The college football playoff committee announced its next round of rankings on Tuesday evening, and sent a few messages in the process. Here are five takeaways:

1. The committee has now taken two inconsistent approaches to ranking Alabama. Committee chairman Rob Mullens went to great lengths last week to say the committee held the Crimson Tide in high regard for its personnel and overall ability. Yet, in this week’s ranking, the committee dropped Alabama below a Georgia team which has shown it does not have an elite unit on either side of the ball and has a home loss to a bad South Carolina team on its resume.

Georgia beat a mediocre Missouri team last weekend. Alabama took a close loss — now the best loss in the country — to No. 1 LSU with a hobbled Tua Tagovailoa. If the committee indeed held Alabama in high regard last week, this week’s events should have done nothing to vault Georgia ahead of the Tide.

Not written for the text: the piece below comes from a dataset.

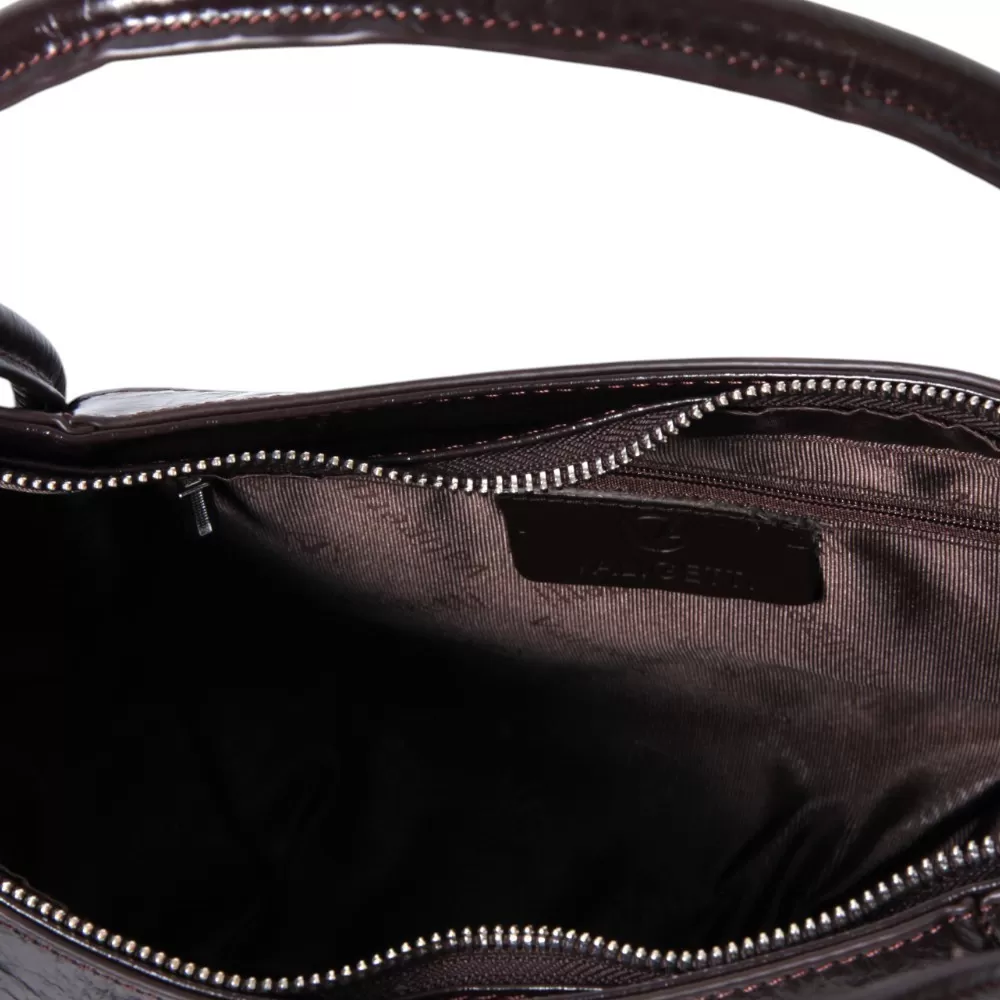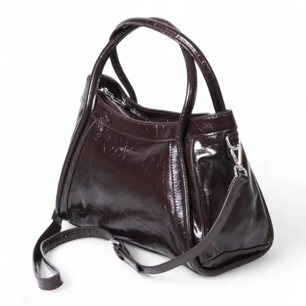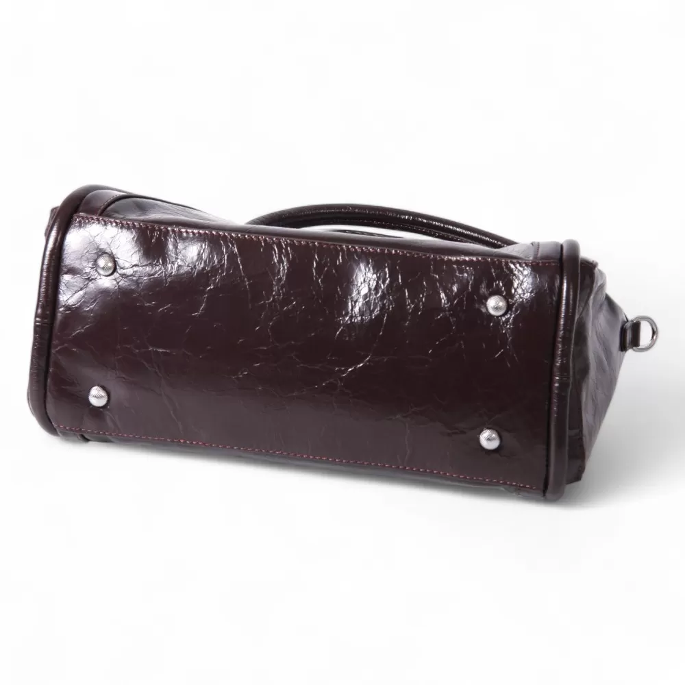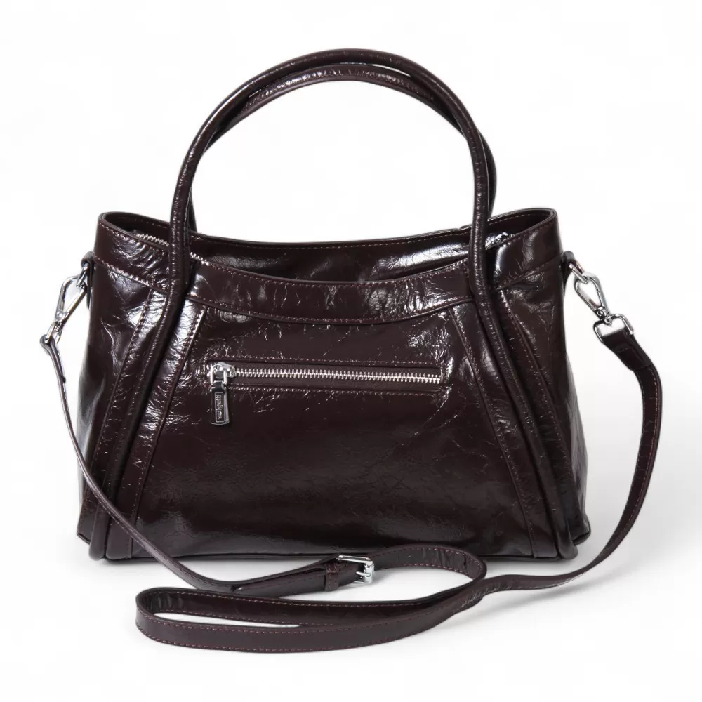 Сумка Valigetti изготовлена из натуральной кожи темно-бордового оттенка. У модели длинные ручки (40 см) и съемный плечевой ремень (120 см). На задней стороне сумки расположен горизонтальный карман с молнией для быстрого доступа. Внутри есть одно основное отделение с молнией, фирменный подклад, накладной карман и отдельный карман на молнии. У сумки есть ножки для защиты от загрязнений и износа.

2. “Auburn is the most important non-contender in all of college football.” Those were the words of ESPN studio host Rece Davis. Perhaps that was the network’s finest analysis of the evening. The fate of three highly-ranked teams is tied to the outcome of Auburn’s remaining games. The No. 12 Tigers face No. 4 Georgia this weekend and No. 5 Alabama in the Iron Bowl in three weeks. We wrote earlier this week about how Crimson Tide fans will want to practice saying ‘War Eagle’ heading into Auburn’s matchup on Saturday. An Auburn win is good for Alabama any way you cut it.

Oregon is sneaking around the top-four itself, and so for Auburn to keep winning would help their loss in Dallas look a little more forgivable. Auburn will now have a few hundred thousand extra fans in its corner by kickoff on Saturday.

3. Alabama now gets to see how the other half lives. The reality is that by this point in any season most teams get into the playoff as a result of some other teams’ misfortune. That’s rarely been the case for Alabama. The Tide have largely steamrolled into the playoffs year after year. At No. 5, with some future conference champions right behind them, Alabama needs some help. Clemson looking past one of their remaining inferior opponents and choking away a game would help. But so would some losses from one of the teams behind them. Which brings us to…

4. The committee sure wants to place a PAC 12 champion in the playoff this year. It’s been three years since a PAC 12 team made the playoff. There have only been two teams from the conference to ever make the top-four. The committee seems to be angling for that to change this year. Oregon came in at No. 6 this week, and Utah came in at No. 7. It certainly look as if the committee is setting up a strategy to put one of those two in the playoff as a conference champion. Alabama could use Utah and Oregon to take another loss to become a two-loss champion. A statement win against Auburn (who beat Oregon) in the Iron Bowl would help make its case, as well.

5. The Big 12 will be sitting this year’s playoff out. The committee does not think highly of the Big 12 — at all. One-loss Oklahoma is ranked No. 10, while undefeated Baylor is ranked directly behind two two-loss teams at No. 13. The message from the committee is clear: the Big 12 should make other plans for New Years. Even seven-time national champion Minnesota made the leap to respectability with its No. 8 ranking this week. Oklahoma and Baylor can only dream.